Penalties for violating the HIPAA Privacy Rule, HIPAA Security Rule, and HIPAA Breach Notification Rule can include civil monetary penalties assessed by the HHS Office for Civil Rights under a four tier structure based on culpability, criminal prosecution by the U.S. Department of Justice for certain wrongful uses and disclosures of protected health information, and required corrective action measures such as compliance monitoring and policy, process, and technical remediation.
Civil monetary penalties are assessed per violation and are subject to inflation adjustments published by the Department of Health and Human Services. For violations occurring on or after February 18, 2009, the four tiers are based on whether the covered entity or business associate did not know and would not have known with reasonable diligence, had reasonable cause, engaged in willful neglect that was corrected within the required period, or engaged in willful neglect that was not corrected within the required period. For the current inflation adjusted amounts effective for assessments following the most recent Department of Health and Human Services adjustment, the minimum per violation amounts range from $145 in the lowest tier to $73,011 in the highest tier, with maximum per violation amounts ranging from $73,011 to $2,190,294 depending on the tier, and calendar year caps for violations of an identical requirement can reach $2,190,294.
The HHS Office for Civil Rights evaluates facts such as the nature and extent of the violation, the nature and extent of the harm, the organization’s compliance history, the organization’s financial condition, and the extent of cooperation and timely corrective action when determining whether to resolve a matter through technical assistance, a corrective action plan, a resolution agreement with a monetary settlement, or a civil monetary penalty.

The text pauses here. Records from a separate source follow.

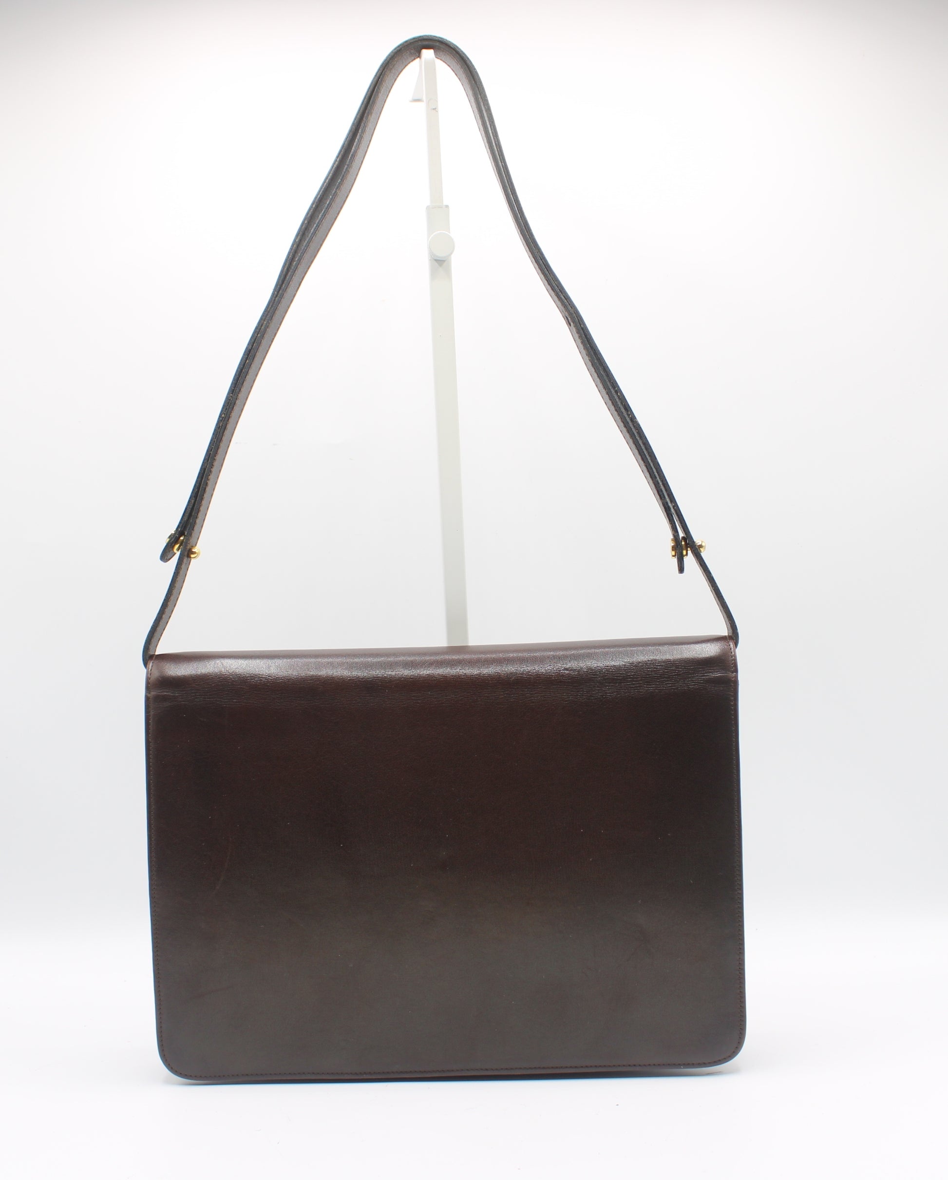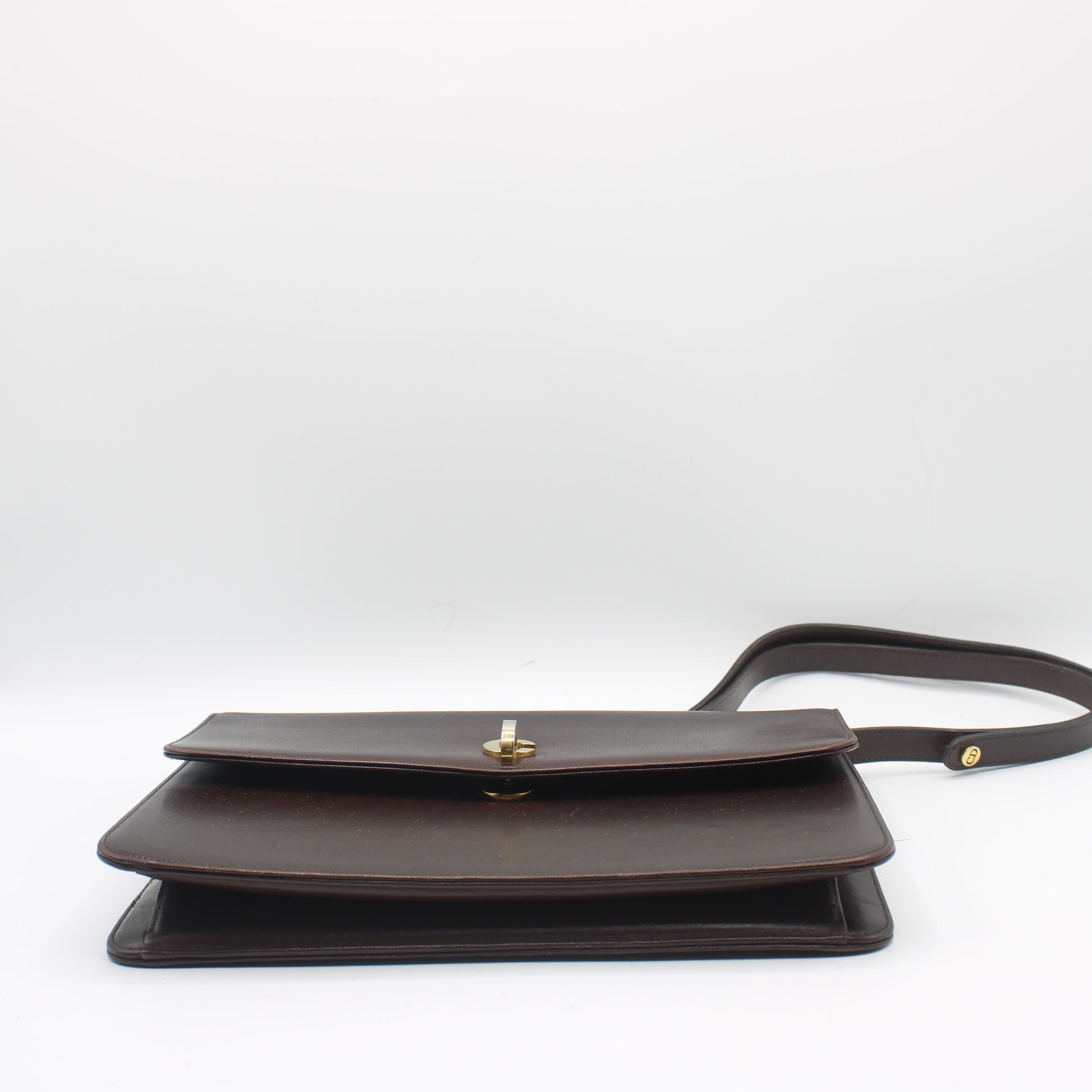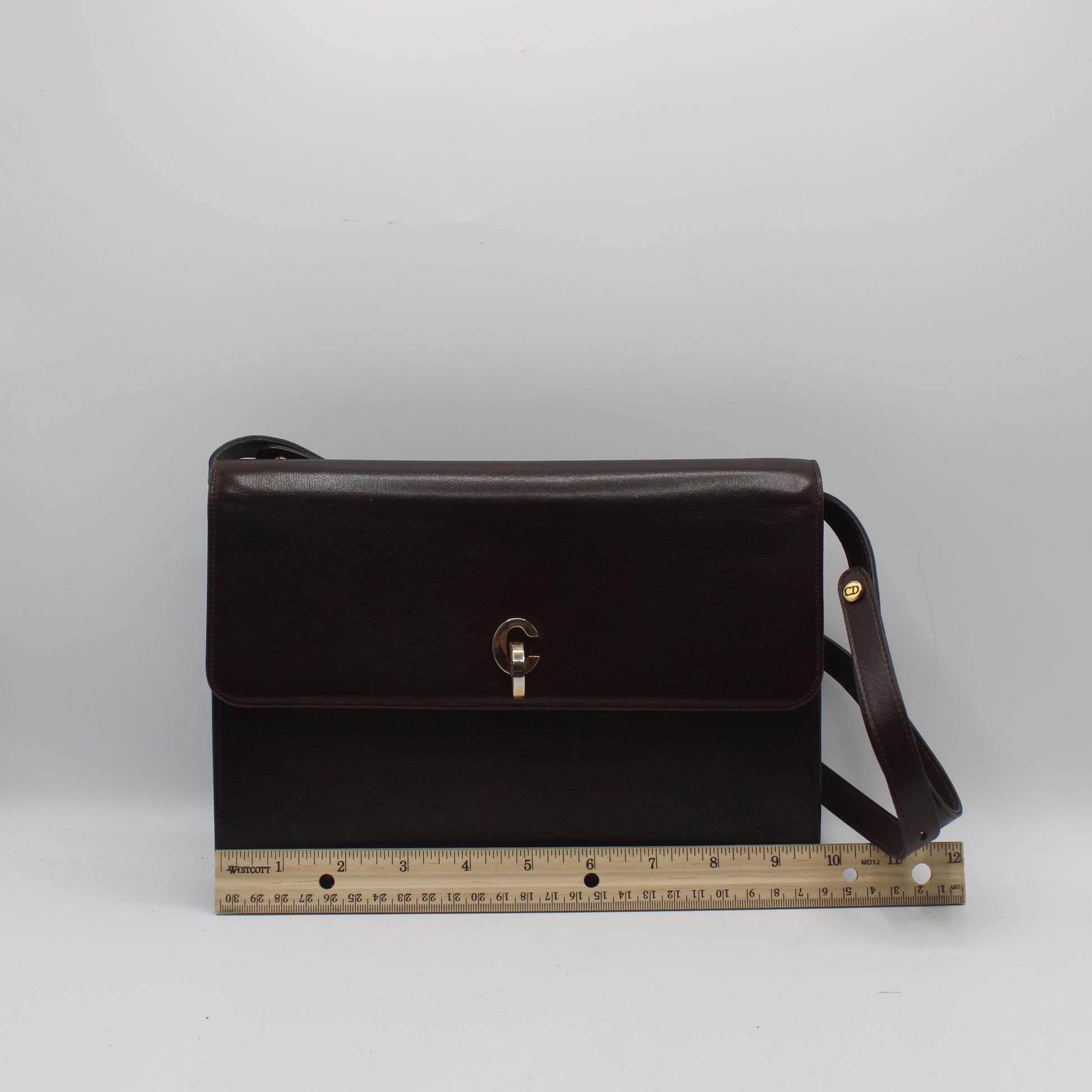 Christian Dior Brown Leather Flap Shoulder Bag With Gold Clasp Closure
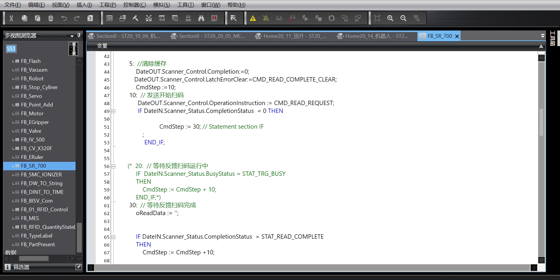 汽车发动机装配站,涵盖人机配方一键换型功能,故障记录功能,产量统计及OEE功能,TCP,视觉通信控制,EIP远程IO通信,松下A6总线伺服控制,优质的触摸屏程序模板,欧姆龙强大的结构体等应用,气缸报警功能块,真空报警功能块,伺服控制功能块,相机控制功能块,等等。欧姆龙NX系列PLC,普洛菲斯人机界面,搭载EtherCAT远程输入输出IO模块 ,多站EIP以太网标签变量通信,电子光栅尺应用,相机视觉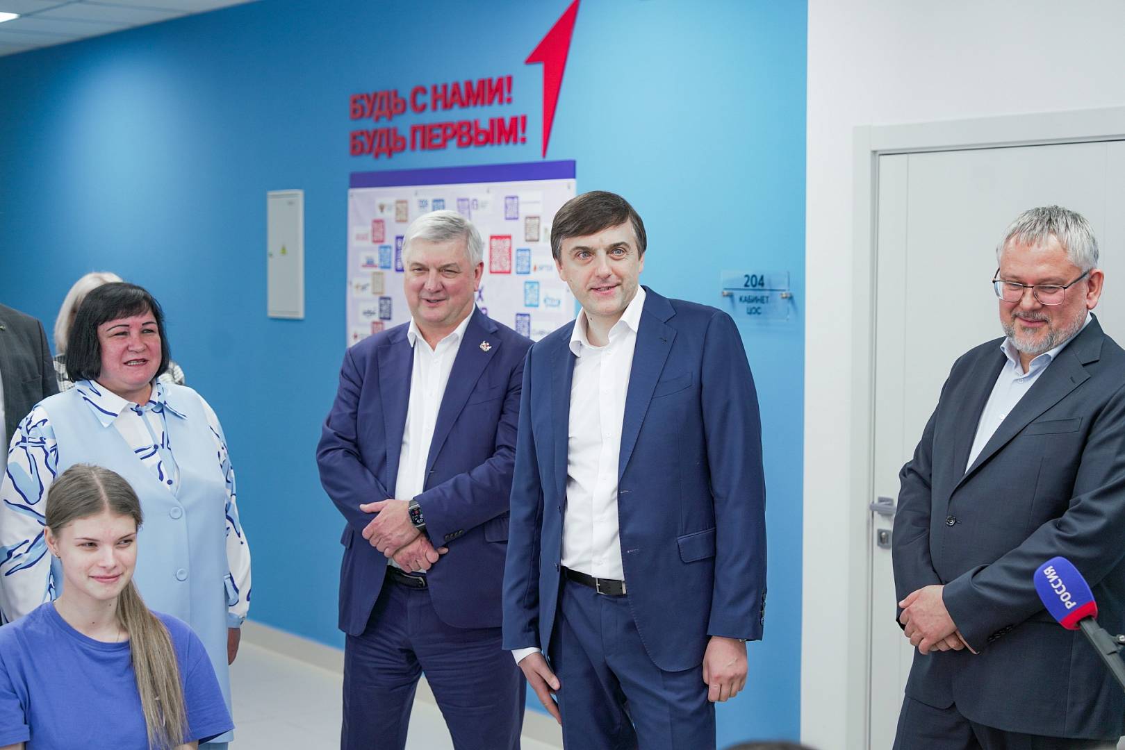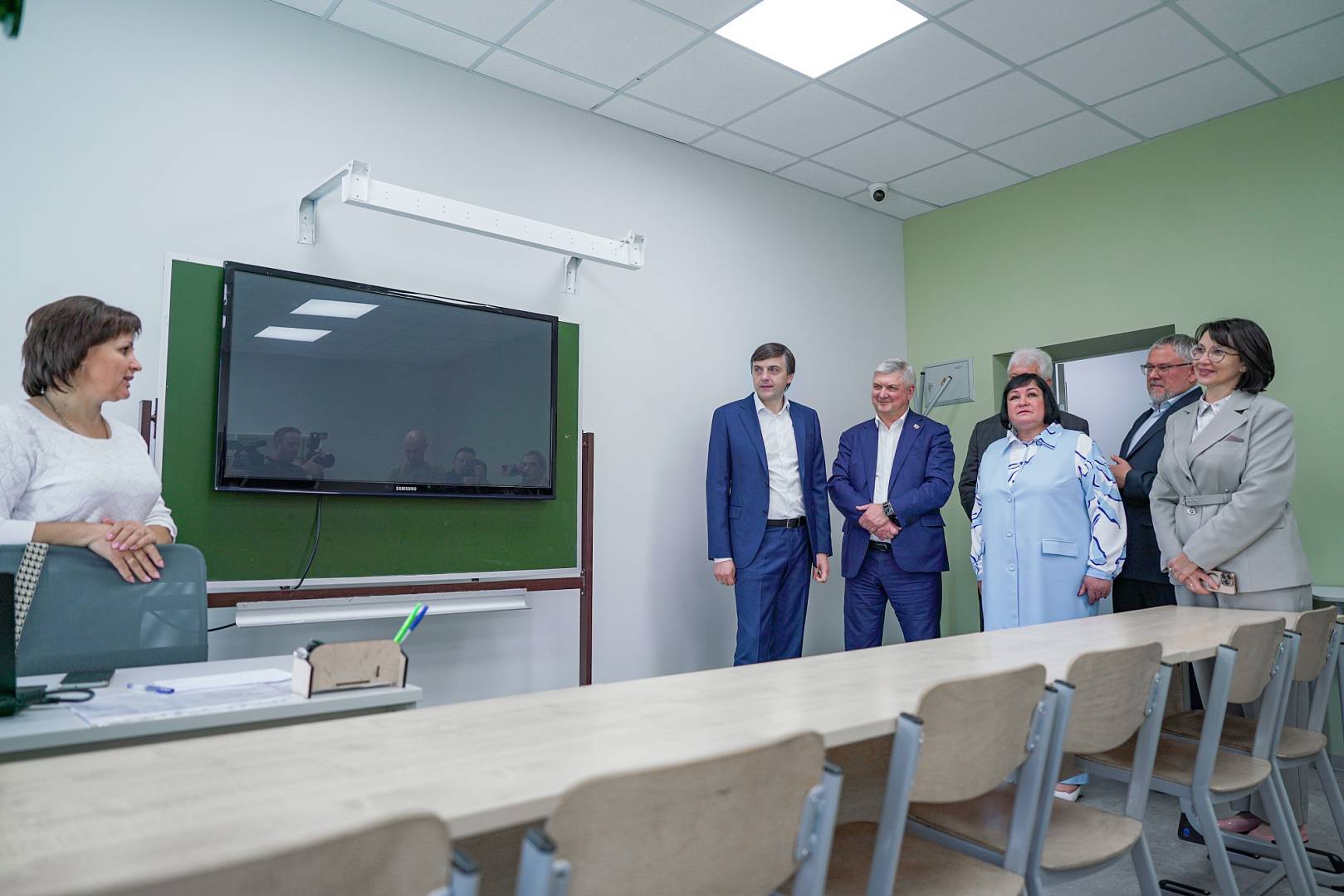 Министр просвещения России Сергей Кравцов вместе с губернатором Воронежской области Александром Гусевым посетил Нижнедевицкую гимназию.

The HHS Office for Civil Rights has also issued enforcement discretion statements addressing how annual caps are applied in certain tier categories, which can affect the maximum total amount assessed in a calendar year for repeated violations of the same requirement.
Criminal penalties apply when a person knowingly obtains or discloses individually identifiable health information in violation of HIPAA. Federal criminal penalties can include a fine of up to $50,000 and imprisonment of up to one year, a fine of up to $100,000 and imprisonment of up to five years when the offense is committed under false pretenses, and a fine of up to $250,000 and imprisonment of up to ten years when the offense involves intent to sell, transfer, or use the information for commercial advantage, personal gain, or malicious harm.
HIPAA does not create a private right of action for individuals to sue for damages based solely on a HIPAA violation, but investigations and enforcement outcomes can still create significant operational consequences through mandated remediation, reporting obligations, and contractual or regulatory actions that follow documented noncompliance.
How Regulations Address HIPAA Rules Violation Penalties
45 CFR 160.402(a) and 45 CFR 160.404(b) are directly relevant because they establish when a civil money penalty applies and set the tiered limits that define the penalty range for HIPAA Privacy Rule, HIPAA Security Rule, and HIPAA Breach Notification Rule violations. The regulation states that “the Secretary will impose a civil money penalty upon a covered entity or business associate if the Secretary determines that the covered entity or business associate has violated an administrative simplification provision” and it further limits the amounts by tier, including “in the amount of less than $50,000 for each violation” and “in excess of $1,500,000 for identical violations during a calendar year.” This text is relevant because it is the operative regulatory authority for civil monetary penalties and the tier framework used in HIPAA enforcement.
45 CFR 160.408 is directly relevant because it specifies the factors used to set the penalty amount within the applicable tier range. The regulation states that “in determining the amount of any civil money penalty, the Secretary will consider the following factors” and includes factors such as “the nature and extent of the violation” and “the history of prior compliance with the administrative simplification provisions.” This text is relevant because penalty exposure is not determined by tier limits alone, and the listed factors govern how an enforcement action is calibrated based on scope, harm, compliance history, and financial condition.
42 USC 1320d-6 is directly relevant because it establishes criminal penalties for certain knowing, wrongful uses and disclosures of individually identifiable health information. The statute provides that a person who commits the offense “shall be punished as provided in subsection (b)” and states that the person shall “be fined not more than $50,000, imprisoned not more than 1 year, or both” with higher maxima when committed “under false pretenses” or “with intent to sell, transfer, or use” the information for specified purposes. This text is relevant because it is the statutory basis for criminal enforcement exposure that can apply in addition to, or separate from, civil HIPAA enforcement.